State v. West Side St. Ry. Co.

CourtUnited States State Supreme Court of Missouri
Writing for the CourtWilliams
Citation146 Mo. 155,47 S.W. 959
Decision Date16 November 1898
PartiesSTATE ex rel. CROW, Atty. Gen., v. WEST SIDE ST. RY. CO.
47 S.W. 959
146 Mo. 155
STATE ex rel. CROW, Atty. Gen.,
v.
WEST SIDE ST. RY. CO.
Supreme Court of Missouri.
November 16, 1898.

FRANCHISES — PUBLIC SALE — CONSTRUCTION OF STATUTE — VAGUENESS — IMPOSSIBILITY TO DETERMINE MEANING.

1. Act April 9, 1895, provides that the municipal authorities to whom application may be made for consent to the construction, extension, maintenance, occupation, or use of, inter alia, any street railway or railroad for the transportation of freight, passengers, or mails, must provide, as a condition precedent to the granting of such consent, that the franchise shall be sold at public auction to the responsible bidder who will give the largest percentage yearly of the gross receipts derived from such occupation and use, with adequate security for the payment thereof, and for the prompt construction and completion of the proposed plant, provided that such payment shall in no case be less than 2 per cent. of the gross earnings during the first five years of said occupation and use, and thereafter for each period of five years such percentage shall be increased to correspond with the increase in value of the land thus occupied and used. Held, that the act is void, in that its meaning cannot be determined by any known rules of construction, because, if it means that the company must pay at least 2 per cent. of its gross earnings for the first five years to each municipality over whose streets it may build, and to each county whose highways it may cross, the railway company may in many cases be compelled to pay more than its total receipts.

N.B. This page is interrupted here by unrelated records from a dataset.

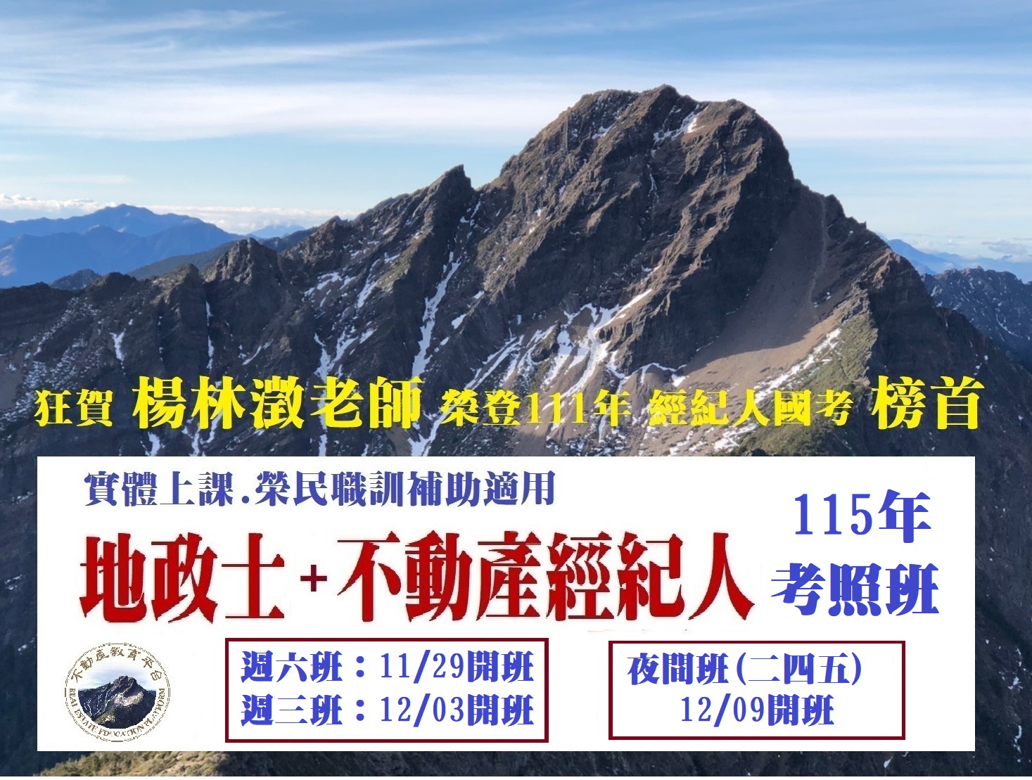 12/9 B3412【115年地政士+不動產經紀人】夜間自費考照班(114.12/9 每週二四五晚上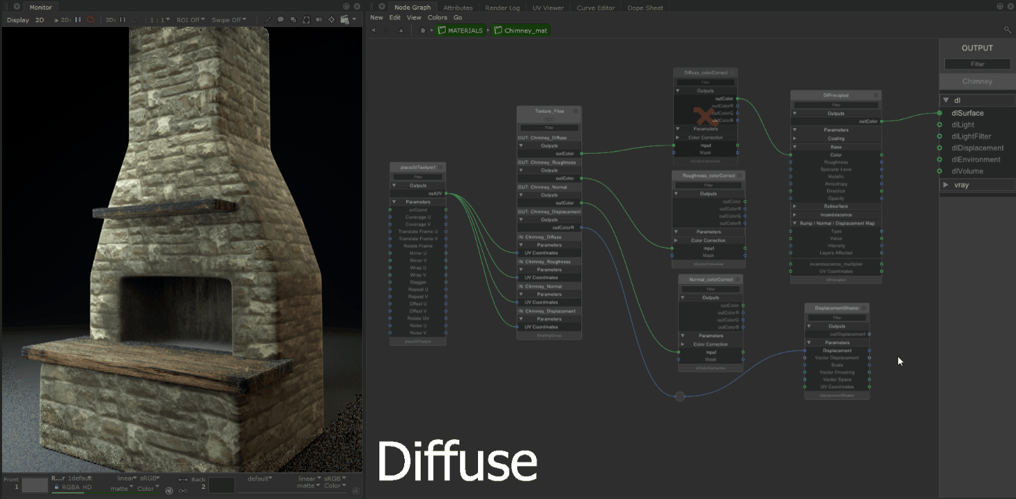 Setting up shading nodes within the NetworkMaterialCreate node is designed to make things as simple as possible for artists. Shader networks set up inside the group feature a left-to-right workflow which is well suited to working with a large number of shading nodes.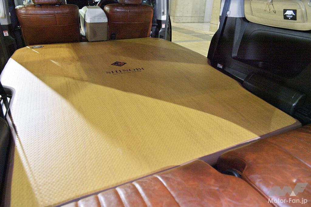 デリカオーナーの間で話題となっている「シノビ アウトドアギア」は、アウトドアカーライフに特化したブランド。車中泊を快適なものにするルーフテントのほか、展開もカンタンなエアマットなど、あると便利なパーツを複数展開している。
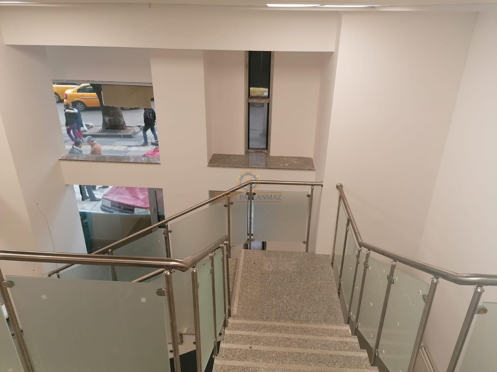 Ziraat Bankası için imalatını ve montajını yapmış olduğumuz satine camlı paslanmaz çelik merdiven korkuluğu.
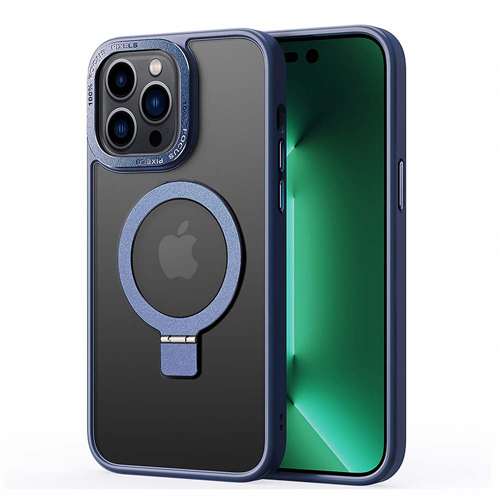 Clear Magnetic Holder & Wireless Charging iPhone Case | ZAKAPOP ‐ Dark Blue / iPhone 14 Pro Max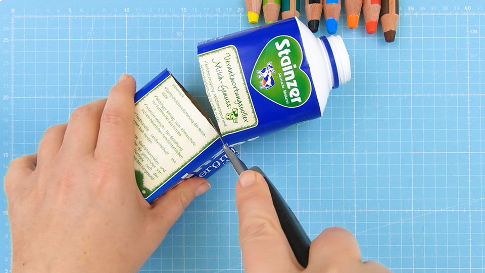 Nimm eine leere Milch- oder Safttüte zur Hand und schneide sie mit einem Cutter-Messer in der gewünschten Höhe ab. Als Richtwert sind es bei mir – vom Boden weggerechnet – ca. 14 cm. Der Schnitt muss übrigens auch nicht exakt gerade sein. Schließlich schneidest Du ja noch einiges von der Verpackung weg.

2. It is also void if it means that the percentage should be computed only on the gross receipts of that part of the road located on the streets of the city or across the highways, as the case may be, because there is no method provided by which the actual gross receipts of that particular part of the road can be ascertained.

3. A continued line of railroad cannot be subdivided so as to permit competition for the privilege of constructing and operating separately the portions thereof lying within the municipalities and across the highways on its route.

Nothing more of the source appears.